Siapa sangka, dua insan yang belum pernah bersua akhirnya dipertemukan dalam sebuah peristiwa yang begitu sakral—lamaran. Bukan di kafe, bukan lewat tatap mata yang lama, bukan pula dari perjalanan cinta yang panjang. Pertemuan pertama mereka adalah ketika tangan ayahnya menggenggam map berisi biodata lengkap calon menantunya, dan ibunya tersenyum menyambut keluarga pria yang baru pertama kali datang ke rumah mereka.
Hanya berselang 15 hari sejak orang tua sang pria menyampaikan niat baik, prosesi lamaran pun digelar. Tanpa banyak kata, tanpa sandiwara cinta, namun terasa damai dan penuh kepastian. Hati yang belum saling mengenal itu justru tenang, seolah telah lama disiapkan oleh skenario langit. Singkat? Mungkin bagi dunia. Tapi bagi mereka, ini adalah bentuk kepercayaan penuh pada takdir dan restu orang tua. Namun, jika lamarannya begitu cepat, resepsinya justru sebaliknya.
Pesta pernikahan dijadwalkan pada bulan Agustus 2025, sebuah tanggal yang ditentukan dengan penuh pertimbangan. Bukan karena ragu atau menunda, melainkan karena sang wanita masih harus menyelesaikan pendidikannya. Dan mereka sepakat: perjalanan cinta ini harus berdampingan dengan perjuangan masing-masing. Sebab, bagi mereka, cinta sejati bukan tentang seberapa cepat bisa bersatu, tetapi seberapa sabar menunggu waktu yang tepat.
Hari demi hari berlalu. Di tengah kesibukan kuliah, persiapan pernikahan tetap berjalan perlahan namun pasti. Ada rindu yang harus ditekan, ada ego yang harus dikalahkan, dan ada harapan yang terus dijaga. Sampai akhirnya tiba pada satu titik: apakah sang wanita akan benar-benar selesai kuliah tepat waktu? Entahlah. Tapi mereka percaya, semua yang sudah ditetapkan adalah bagian dari skenario terbaik.

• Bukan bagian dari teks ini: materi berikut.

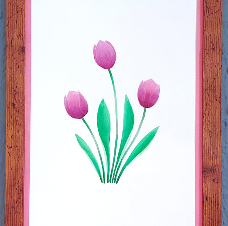 Framed high-quality coloured A3 print of my painting of purple tullips on a white background with a hard backing. The print comes finished with a pink border. Framed with an expensive Styrene Protective Perspex (which has same clarity of glass) ready to hang. Choose from three different types of frame; black, oak or dark oak(see images). Colours of print and border may differ slightly due to computer/phone settings. All purchases delivered within 7-10 working days.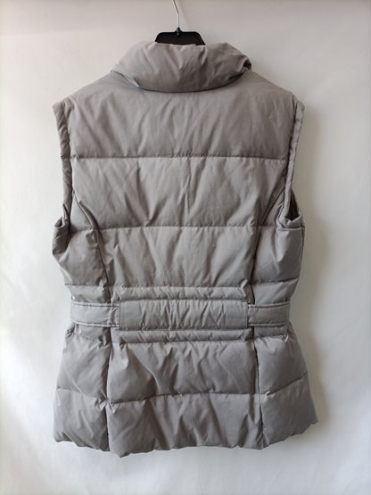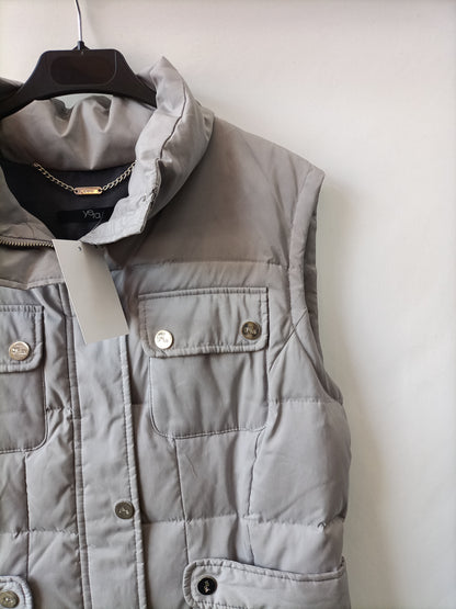 Yera. Plumas gris sin mangas. Ajistado en la cintura. No elástico. De sisa a sisa 51 cm largo 69 cm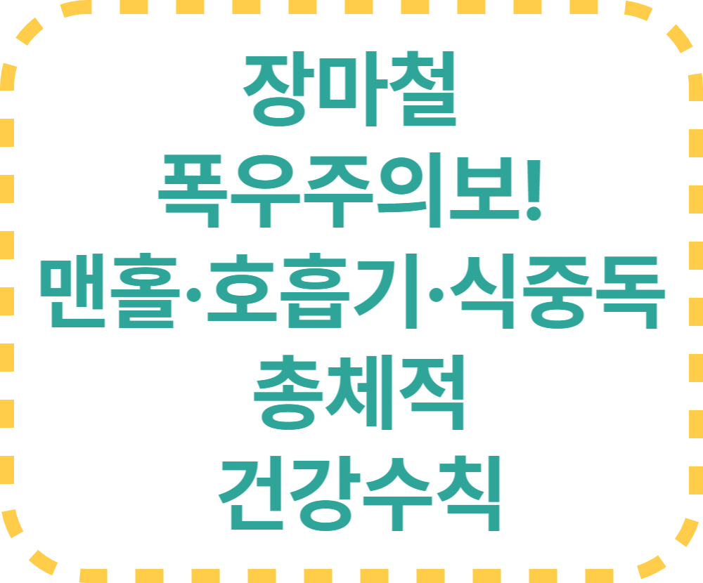 6월 20일부터 전국에 강한 장맛비가 예보되며, 시간당 84mm까지 내릴 가능성도 있습니다. 기상청은 맨홀 뚜껑이 수압으로 열릴 수 있다며 “블랙홀 주의보”를 발령했는데요. 동시에, 고온다습한 환경에서는 호흡기와 소화기 건강도 위협받게 됩니다. 오늘은 맨홀 사고 예방과 호흡기 질환·식중독 등 장마철 대표 위험 요소별 건강 수칙을 정리했습니다.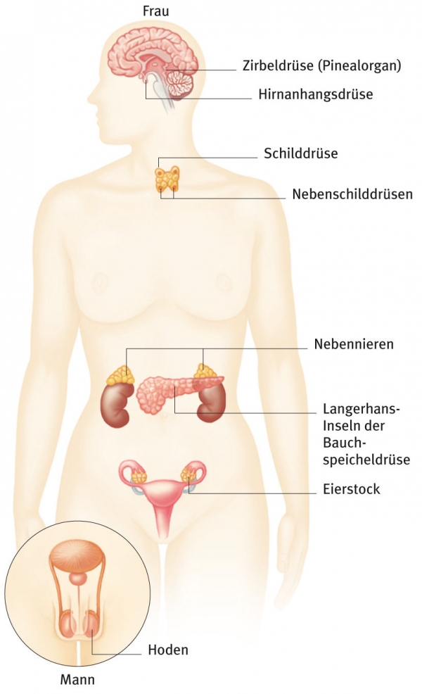 chemischer Botenstoff des endokrinen Systems. Hormone entstehen in endokrinen Drüsen oder speziellen Zellgruppen (z. B. den Inselzellen der Bauchspeicheldrüse). Sie werden mit dem Blutstrom vom Ort ihrer Bildung zu allen Organen transportiert. Hormone wirken spezifisch durch die Bindung an einen entsprechenden Hormonrezeptor. Die Bindung löst eine Informationsübertragung an das Erfolgsorgan aus. Hormone wirken in zahlreichen Regelkreisen des Körpers mit. Meist wird die Hormonausschüttung durch einen Reiz im Gehirn ausgelöst. Die Hormonausschüttung des Hypothalamus wirkt sich auf die Hormonausschüttung der Hypophyse (Vorder- oder Hinterlappen) aus. Die Hormone der Hypophyse fördern oder unterdrücken die Hormonbildung in den peripheren endokrinen Drüsen. Man teilt die Hormone abhängig von ihrem Bildungsort ein in neurosekretorische (von Nervenzellen wie z. B. dem Hypothalamus abgesonderte) bzw. glanduläre (aus endokrinen Drüsen freigesetzte) Hormone und Gewebshormone. Gewebshormone haben meist nur lokale, d. h. auf den Ort ihrer Freisetzung begrenzte Wirkungen. Nach ihrem chemischen Aufbau werden folgende Hormone unterschieden: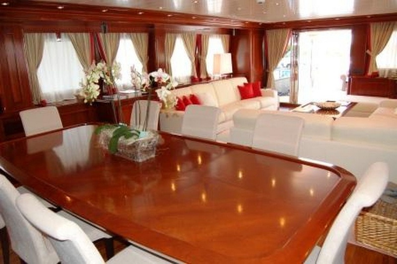 NEWFOUNDLAND nuevo todavÃa de 115 brazo rojo cereza madera INTERIOR cabina propietario cubierta con baño y privada Oficina interna ascensor 5 invitado cabinas con baño ESPACIOSO salón-cocina en el arco con tabla 4 cabinas con marinero y tres baños y comedor de ducha separada Torre de cabina proa de 900 KG. -TINA-FALYBRIDGE COMPLETO BOWTRHRUSTER y STERNTRHUSTER-completo SSB electrónica de 150-aire acondicionado en todos entornos DESSANILIZZATORE de 200 litros doble combustible negro-generador-bomba de agua-aguas grises teca cubiertas-doble proa WINCH a 380 voltios RINA placer barco clase A-50 litros consumo a 10 nudos |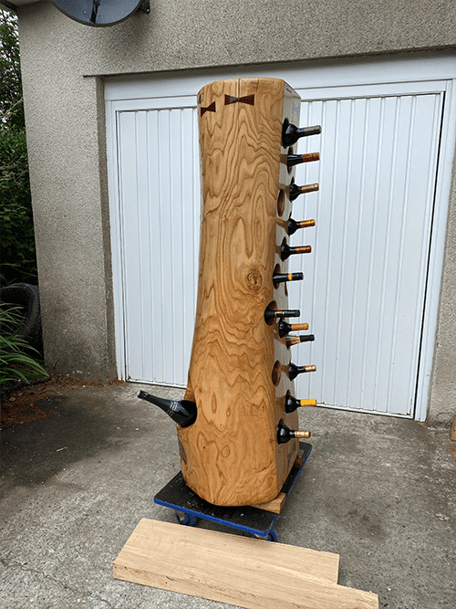 The creation of a finely crafted whole trunk wine rack is a laborious process that can take weeks of work.
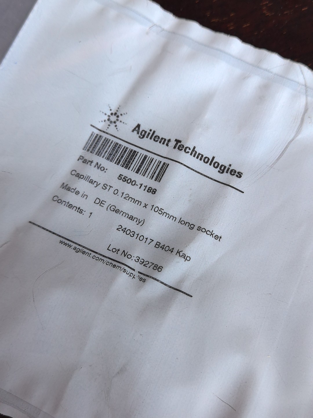 Agilent liquid chromatography instrument accessories, 5500-1188 Quick Turn stainless steel capillary tube, 0.12 x 105 mm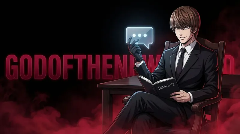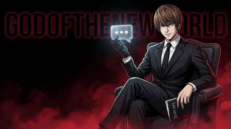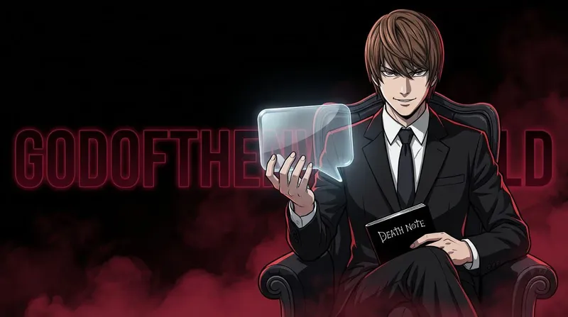 Create a YouTube thumbnail in a clean, high-contrast, professional anime style featuring Yagami Light from Death Note with accurate anime appearance, wearing a black elegant suit and sitting confidently on a chair, upper body visible and slightly angled toward the camera. He has a cunning, confident smirk and cold, intelligent eyes. He is sitting on a chair with a table behind him; in one hand he holds a modern transparent glass comment icon (UI-style speech bubble, glossy, slightly glowing), and in the other hand he holds the Death Note notebook, clearly recognizable. Both objects must be clearly visible and readable. The character is placed on the right side of the frame with large empty space on the left for text. Camera angle slightly below eye level to give a dominant presence, upper-body framing. Dramatic cinematic lighting with strong contrast, subtle red rim light from below, soft highlights on the glass icon, clean shadows, no overexposure. Deep black background with red smoky fog spreading along the ground, subtle volumetric smoke, minimal but atmospheric. Behind the character, large bold background text: “GodOfTheNewWorld” in dark red or deep crimson, slightly glowing, integrated into the background without covering the character. Dark, psychological, powerful atmosphere, anime-stylized (not photorealistic). Detailed anime illustration with sharp lineart, clean shading, high contrast, modern digital anime rendering, crisp edges, thumbnail-optimized. Bold, eye-catching YouTube thumbnail design with strong contrast between black and red, subject clearly separated from background, subtle vignette. Slight wide-angle perspective, close framing, focus on the face and held objects. Ultra-detailed, 4K resolution, professional YouTube thumbnail, highly clickable, clean composition.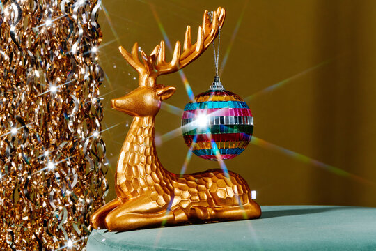 reindeer figurine with a disco ball hanging from its antlers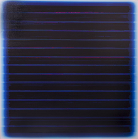 In his 2015 show, titled “Stripes,” Bolles, who had formerly built up his color abstractions slowly, alternating intricate brushwork with multiple glazes, began using a computer in order to execute what might be considered his underdrawing — in the digital building blocks of zeros and ones. These characters remain visible here and there beneath the color he applies later, implying, not for the first time, that mathematics is the underlying reality. Bollles synthesizes digital and traditional painting techniques to create hypnotic fields of color. Three square-format acrylic paintings on canvas, “15 Bars in Magenta,” “15 Bars in Blue,” and the slightly smaller “13 Bars in Blue” read as dark, soft-edged registers overlapping colored backgrounds, as if blurred by overwritten text. We associate such minimalist subject matter (with its mystic, transcendentalist implications) with hard-edged, machine-perfect facture. As Bolles’ painterly ‘handwriting’ becomes clear, the texture of the canvas remains evident as well. Transcendence and mystery are inscribed in these modernist manuscripts, both dark and luminous.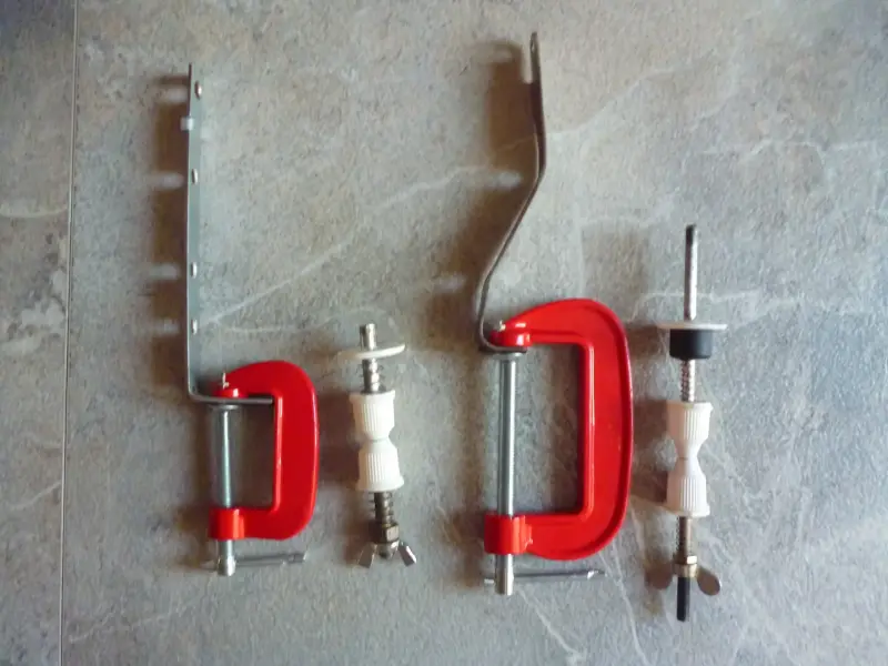 Намотчики крепко крепятся к столу, табуретке, стулу и т.д. (фото №3-8) при помощи струбцины. Максимальная толщина поверхности, на которую можно закрепить намотчики: левый = 45мм, правый = 75мм. Высота от поверхности стола до шпильки у обоих = 15см. Шпильки можно располагать (прикручивать к стойке) как с правой, так и с левой стороны, кому как удобно (фото №3-4). Длина шпильки, регулируемая за счёт гайки и «барашки», составляет: левый = 9см – 10см (для стандартных бобин лески), правый = 15см – 17см (что позволяет работать как со стандартными, так и не стандартными длинными бобинами). На струбцинах с внутренней стороны верхних «губ» приклеена защитная резинка, от повреждения поверхности. При помощи пластмассовой стопорной шайбы, на шпильке сверху (фото №1 для левого, а для правого чёрный стопор) и пружин регулируется сжатие бобин с леской, что позволяет контролировать натяжение при наматывании лески на катушку. Для правого предусмотрена вторая стопорная шайба первая белого цвета (фото №1). Её роль заключается для крепления не стандартных узких бобин (фото №7-8)! При наматывании бобина крутиться ровно, под натяжением. Можно выбрать практически любое удобное расстояние между удилищем и намотчиком. Намотчики подходят, по внутреннему диаметру, практически ко всем стандартным бобинам с леской!!! На фото №9 бобины с внутренним диаметром: 12мм, 15мм, 17мм, 18мм, а также подходят к бобинам с шестигранным отверстием (фото №5, дальний намотчик и фото №9 посредине). И поверти на слово, всё работает идеально. Заметьте, что и толщина бобин, представленных на фото разные.
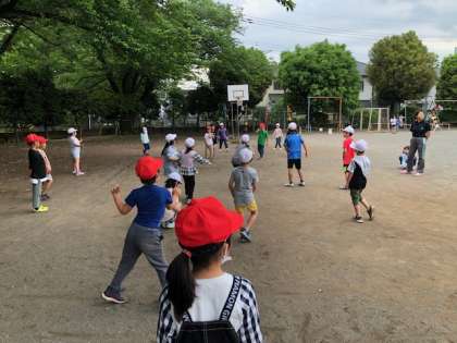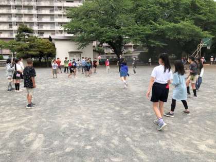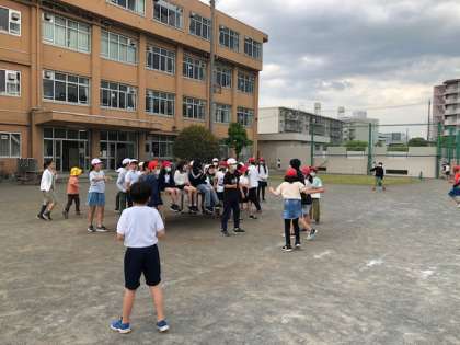 昼休み、たくさんの子供たちが校庭で遊んでいます。クラス遊びをしているクラスも多かったです。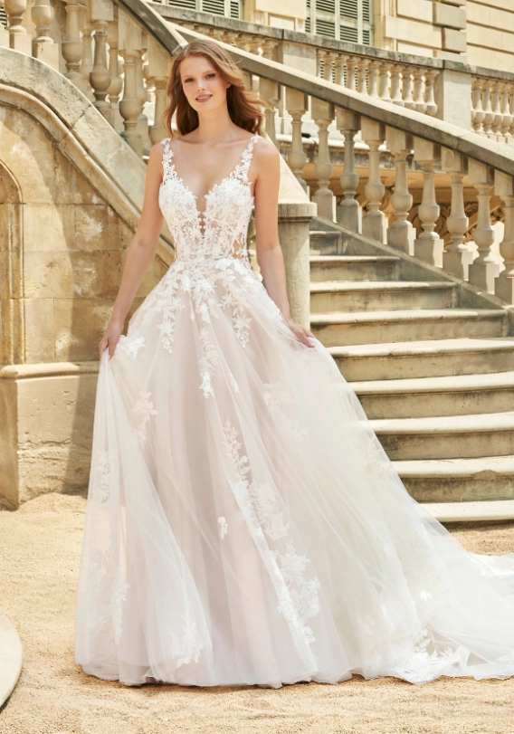 INÉS is the definition of fairytale romance. Her floral lace cascading down from the waist-cinching bodice to her soft, ethereal skirt is what makes this gown perfect for brides searching for that sweet princess style in real life!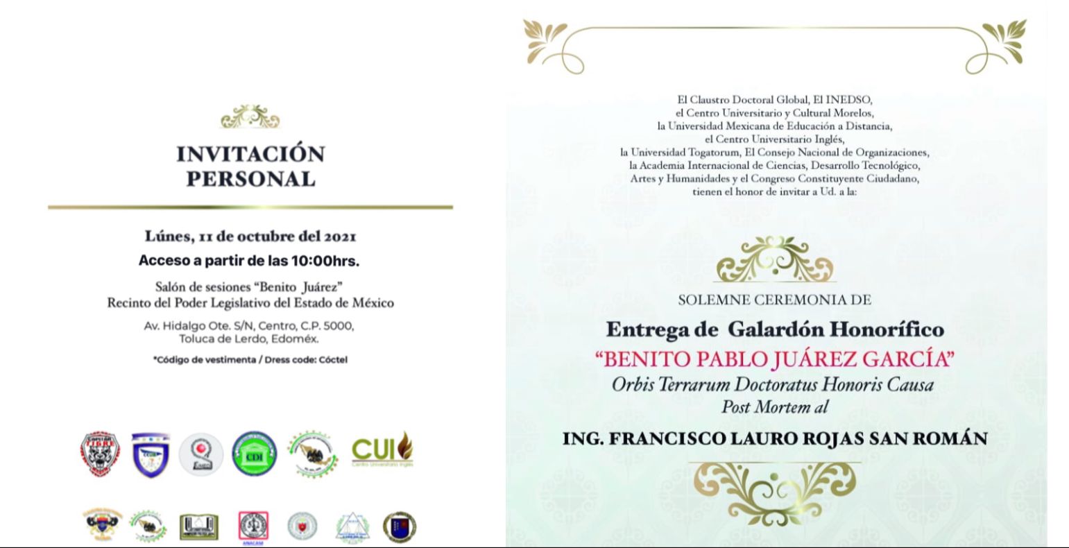 Por el centro2: El próximo lunes, en la sede del Poder Legislativo del Estado de México, se rendirá un homenaje y se entregará el Galardón Honorífico “Benito Juárez García” Post Mortem a Francisco Lauro Rojas San Román, ex diputado federal y local del PRI, quien falleció en febrero del 2018, a consecuencia de un ataque a balazos, previo a su designación como candidato a la alcaldía de Cuautitlán Izcalli.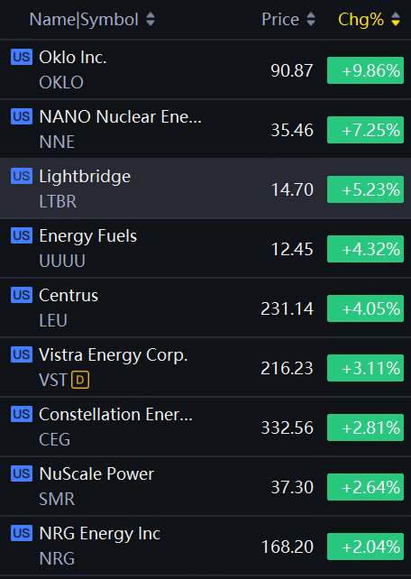 Nuclear stocks rose on Monday. Oklo surged nearly 10%; NANO Nuclear Energy up over 7%; Lightbridge up 5%; Energy Fuels, Centrus up 4%; Vistra Energy up 3%.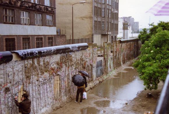 Mauerspechte (Berlin Wall "woodpeckers") at the West side of the Wall that has been chipped at and demolished to its steel reinforcement

Sebab mereka tahu, takdir tidak pernah terlambat. Ia selalu datang di waktu yang paling pas, meski berbeda bagi setiap orang. Bukan soal siapa yang lebih cepat atau siapa yang paling sempurna. Tapi siapa yang paling siap berserah dan percaya. Dan ketika hari resepsi itu akhirnya tiba, bukan hanya kebahagiaan yang menyelimuti mereka, tapi juga rasa syukur yang mendalam. Bukan karena semua berjalan sesuai rencana, tapi karena mereka telah menjalani proses yang tak semua pasangan mampu lewati. Cinta mereka bukan dimulai dari pertemuan, tapi dari keyakinan. Bukan dari kedekatan, tapi dari keberanian. Dan akhirnya bukan dari kesempurnaan, tapi dari kesabaran.